## Material to process
********

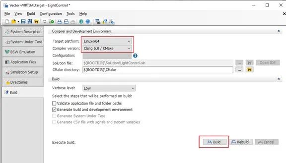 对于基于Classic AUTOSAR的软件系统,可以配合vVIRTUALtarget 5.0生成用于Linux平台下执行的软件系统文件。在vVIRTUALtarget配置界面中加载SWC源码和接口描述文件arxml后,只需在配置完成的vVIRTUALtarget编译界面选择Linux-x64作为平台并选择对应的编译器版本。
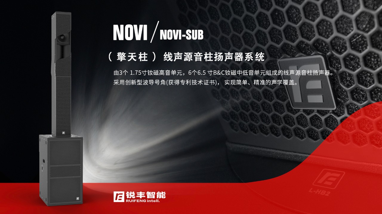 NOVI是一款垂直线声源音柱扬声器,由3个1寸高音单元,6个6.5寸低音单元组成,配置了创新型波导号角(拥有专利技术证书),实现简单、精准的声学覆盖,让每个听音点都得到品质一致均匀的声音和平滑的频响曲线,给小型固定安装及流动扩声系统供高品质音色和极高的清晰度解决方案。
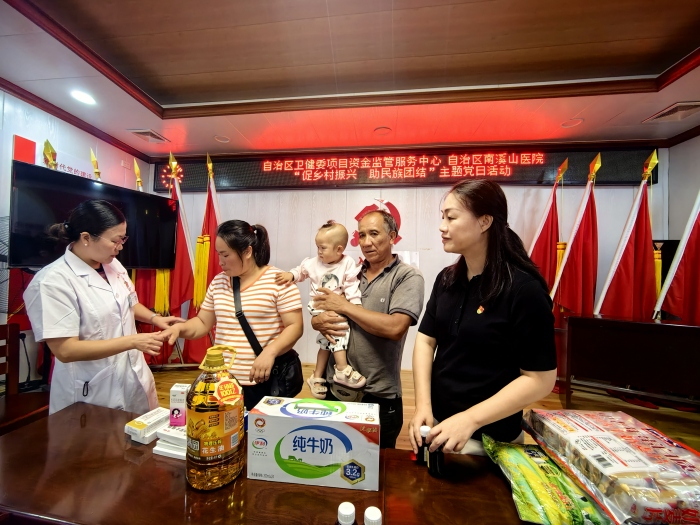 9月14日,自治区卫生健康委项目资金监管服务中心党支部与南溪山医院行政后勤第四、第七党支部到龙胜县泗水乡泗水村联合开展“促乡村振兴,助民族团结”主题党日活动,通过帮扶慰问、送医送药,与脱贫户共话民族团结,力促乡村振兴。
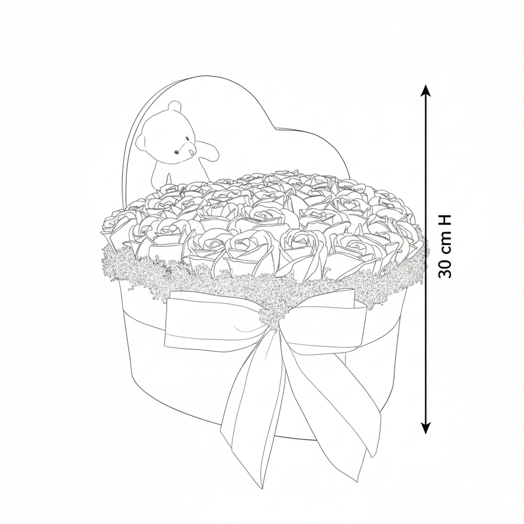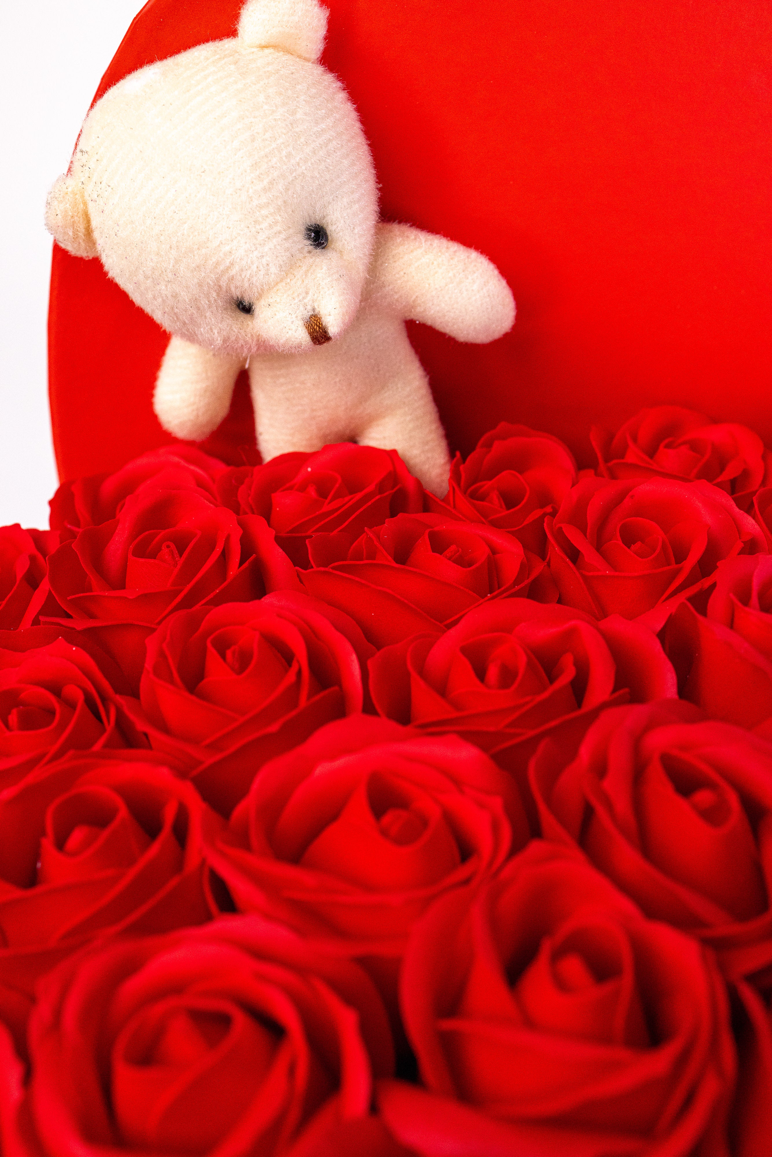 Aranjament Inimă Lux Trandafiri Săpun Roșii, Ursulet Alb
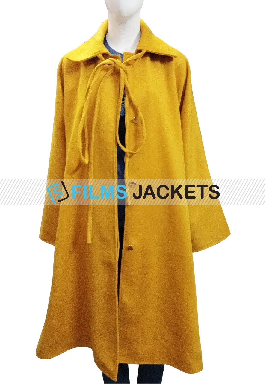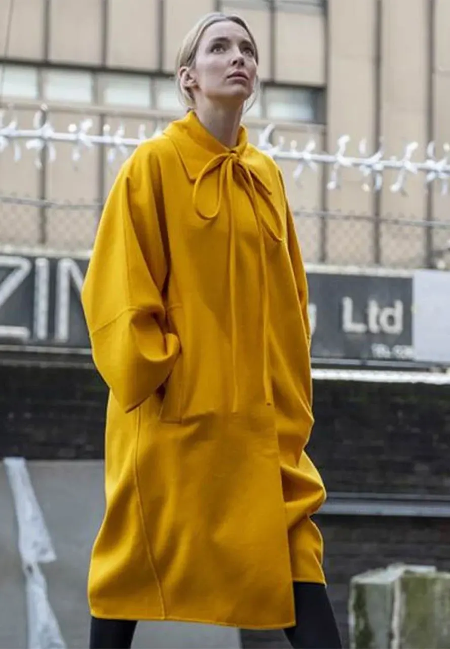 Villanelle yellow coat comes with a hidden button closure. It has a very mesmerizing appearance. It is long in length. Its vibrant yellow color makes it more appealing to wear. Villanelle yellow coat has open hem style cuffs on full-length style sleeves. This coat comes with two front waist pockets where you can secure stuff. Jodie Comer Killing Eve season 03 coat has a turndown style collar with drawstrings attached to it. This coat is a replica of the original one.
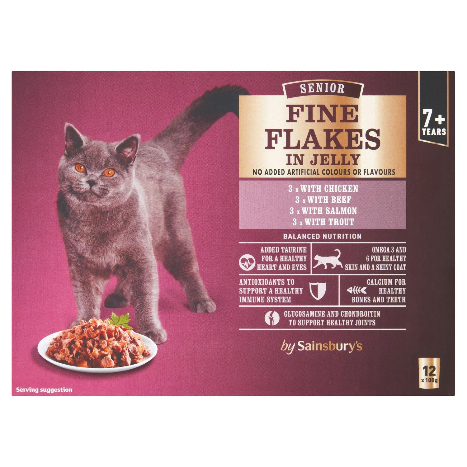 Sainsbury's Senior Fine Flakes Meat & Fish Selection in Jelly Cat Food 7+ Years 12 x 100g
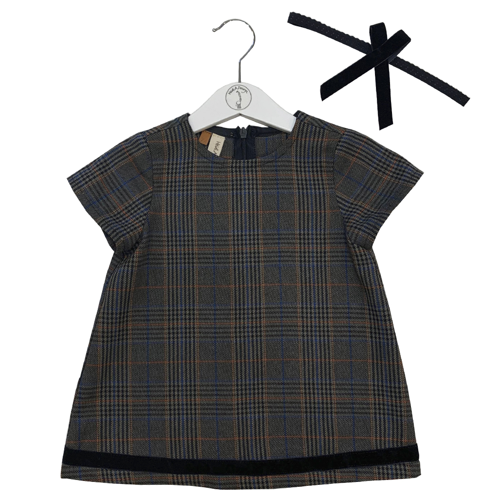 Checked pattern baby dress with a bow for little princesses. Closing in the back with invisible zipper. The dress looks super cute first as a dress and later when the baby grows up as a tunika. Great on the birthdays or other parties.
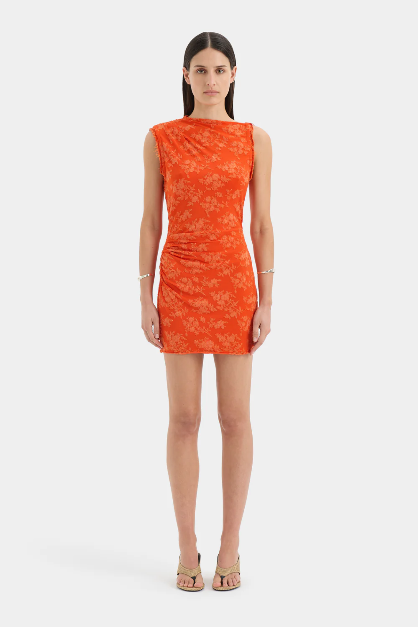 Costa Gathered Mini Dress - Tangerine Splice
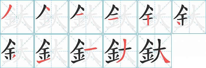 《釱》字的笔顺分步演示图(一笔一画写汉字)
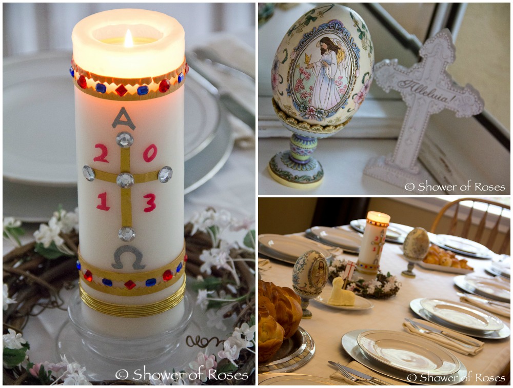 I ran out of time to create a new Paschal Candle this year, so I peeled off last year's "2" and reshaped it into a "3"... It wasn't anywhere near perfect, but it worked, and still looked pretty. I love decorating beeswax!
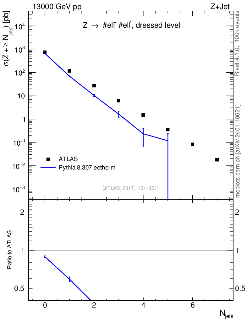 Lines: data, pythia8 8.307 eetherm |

********

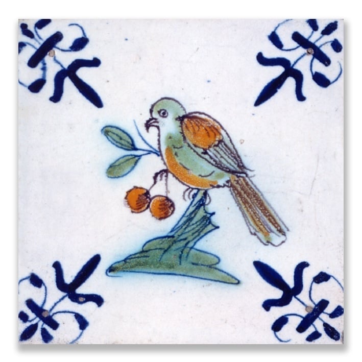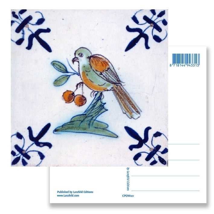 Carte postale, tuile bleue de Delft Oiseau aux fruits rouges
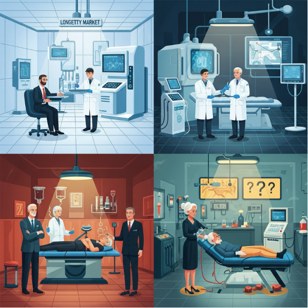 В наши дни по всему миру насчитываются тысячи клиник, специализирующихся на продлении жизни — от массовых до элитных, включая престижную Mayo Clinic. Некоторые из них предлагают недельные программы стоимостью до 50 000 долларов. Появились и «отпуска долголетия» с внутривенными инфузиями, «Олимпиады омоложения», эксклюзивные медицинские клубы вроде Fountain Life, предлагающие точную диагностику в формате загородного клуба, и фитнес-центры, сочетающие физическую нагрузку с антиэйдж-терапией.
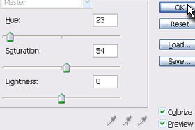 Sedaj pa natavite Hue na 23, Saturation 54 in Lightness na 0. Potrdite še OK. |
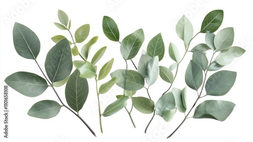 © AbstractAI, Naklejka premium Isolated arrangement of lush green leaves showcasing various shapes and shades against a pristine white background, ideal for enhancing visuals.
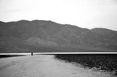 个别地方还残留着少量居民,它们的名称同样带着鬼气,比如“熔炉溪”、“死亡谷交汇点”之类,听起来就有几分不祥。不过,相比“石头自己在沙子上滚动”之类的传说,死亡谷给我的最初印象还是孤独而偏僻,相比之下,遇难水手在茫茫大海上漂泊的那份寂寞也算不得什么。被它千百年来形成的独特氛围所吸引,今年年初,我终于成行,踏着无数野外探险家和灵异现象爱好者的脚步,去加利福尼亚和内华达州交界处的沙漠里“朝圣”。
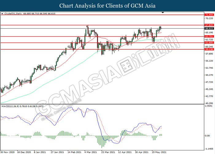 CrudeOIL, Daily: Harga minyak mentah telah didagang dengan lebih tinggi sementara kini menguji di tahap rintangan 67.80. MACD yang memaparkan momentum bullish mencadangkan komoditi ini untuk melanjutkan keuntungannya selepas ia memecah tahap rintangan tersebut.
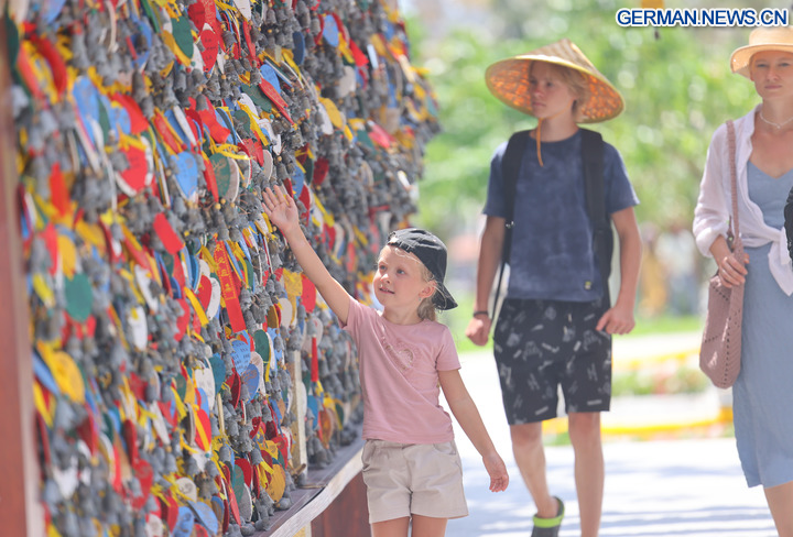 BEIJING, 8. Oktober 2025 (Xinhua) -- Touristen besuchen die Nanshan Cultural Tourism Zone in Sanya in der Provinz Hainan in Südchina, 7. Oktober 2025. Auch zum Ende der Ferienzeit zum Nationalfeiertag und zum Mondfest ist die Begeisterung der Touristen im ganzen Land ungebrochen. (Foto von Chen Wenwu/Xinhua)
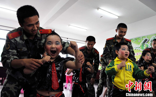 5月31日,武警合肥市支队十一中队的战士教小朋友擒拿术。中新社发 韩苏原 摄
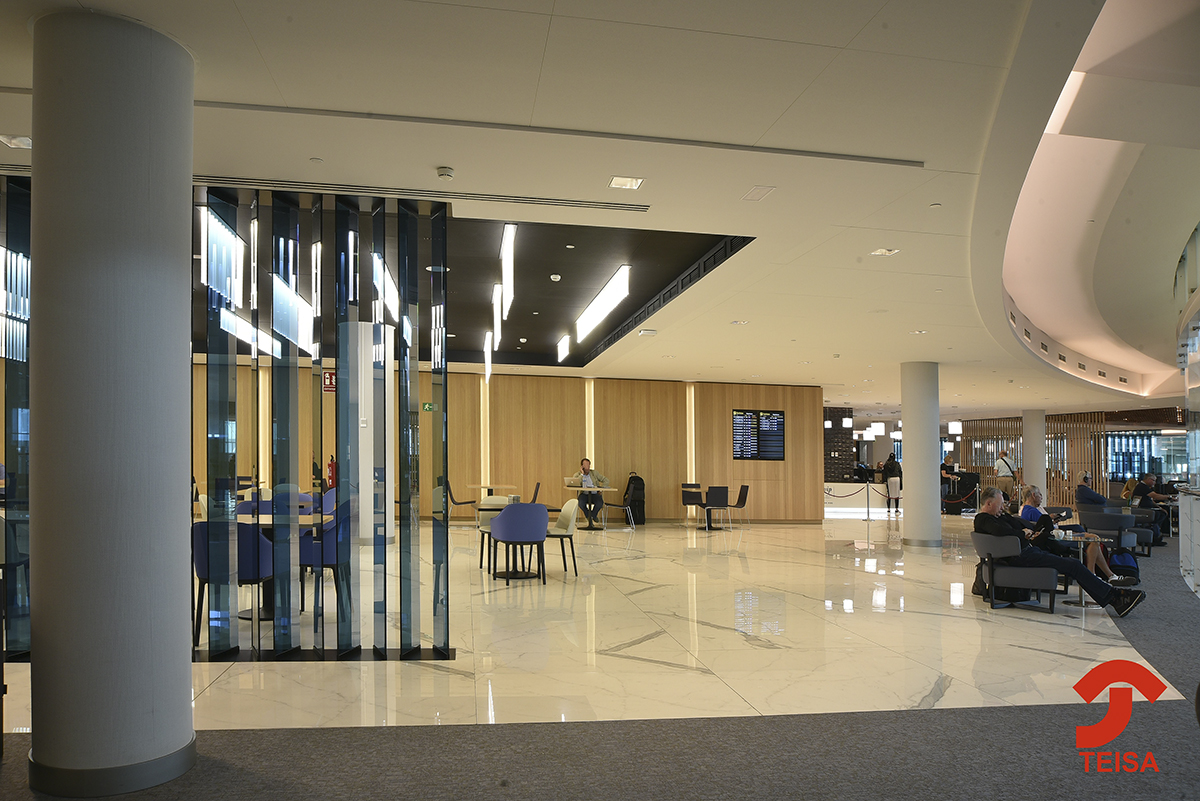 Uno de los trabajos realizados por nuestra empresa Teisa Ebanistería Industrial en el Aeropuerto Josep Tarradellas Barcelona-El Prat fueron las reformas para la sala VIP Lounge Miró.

********

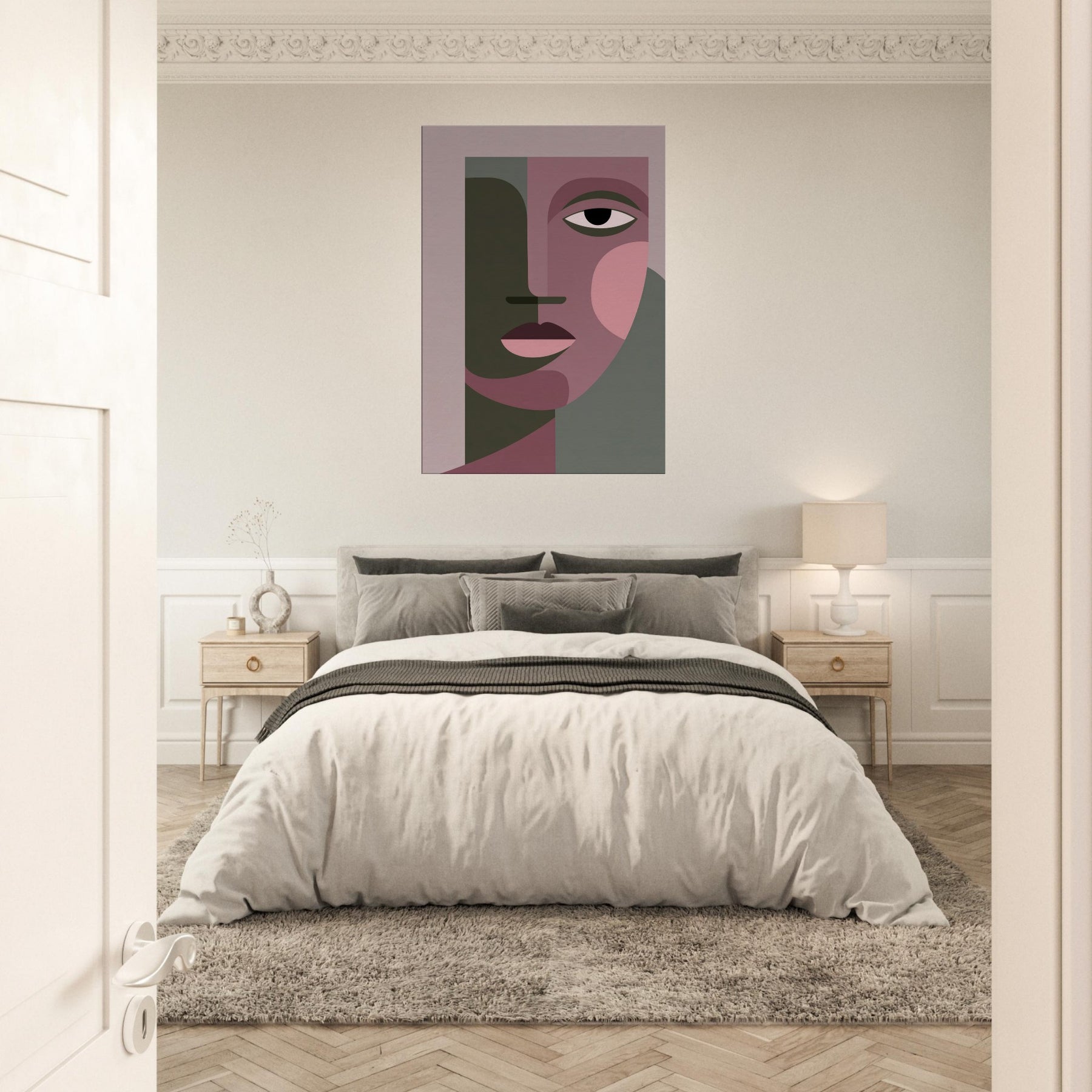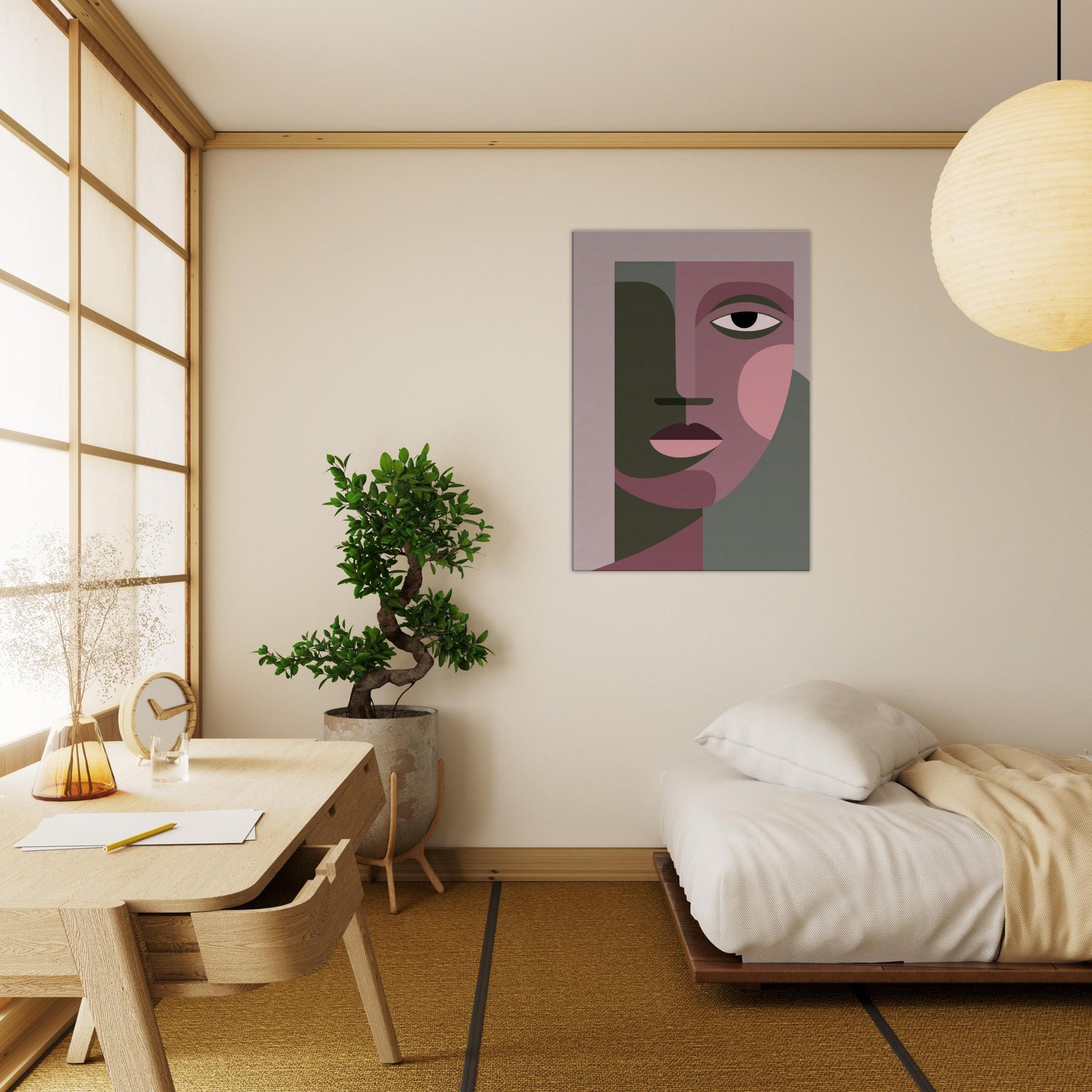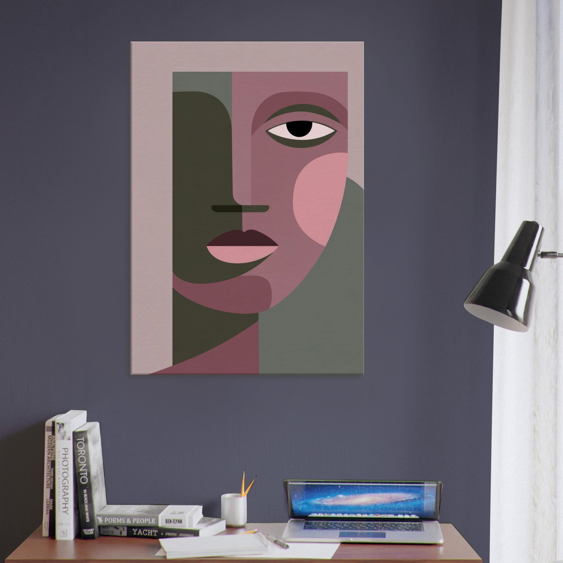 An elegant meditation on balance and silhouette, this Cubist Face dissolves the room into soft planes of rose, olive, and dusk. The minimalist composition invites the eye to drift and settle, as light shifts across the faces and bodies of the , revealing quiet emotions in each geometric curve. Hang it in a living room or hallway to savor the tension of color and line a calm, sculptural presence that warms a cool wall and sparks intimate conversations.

********

Write back word for word every line in the entries above from the one with "Aranjament Inimă Lux" to the one with "Villanelle yellow coat comes", ends included, and none of the pictures.

## Response
 Aranjament Inimă Lux Trandafiri Săpun Roșii, Ursulet Alb
 Villanelle yellow coat comes with a hidden button closure. It has a very mesmerizing appearance. It is long in length. Its vibrant yellow color makes it more appealing to wear. Villanelle yellow coat has open hem style cuffs on full-length style sleeves. This coat comes with two front waist pockets where you can secure stuff. Jodie Comer Killing Eve season 03 coat has a turndown style collar with drawstrings attached to it. This coat is a replica of the original one.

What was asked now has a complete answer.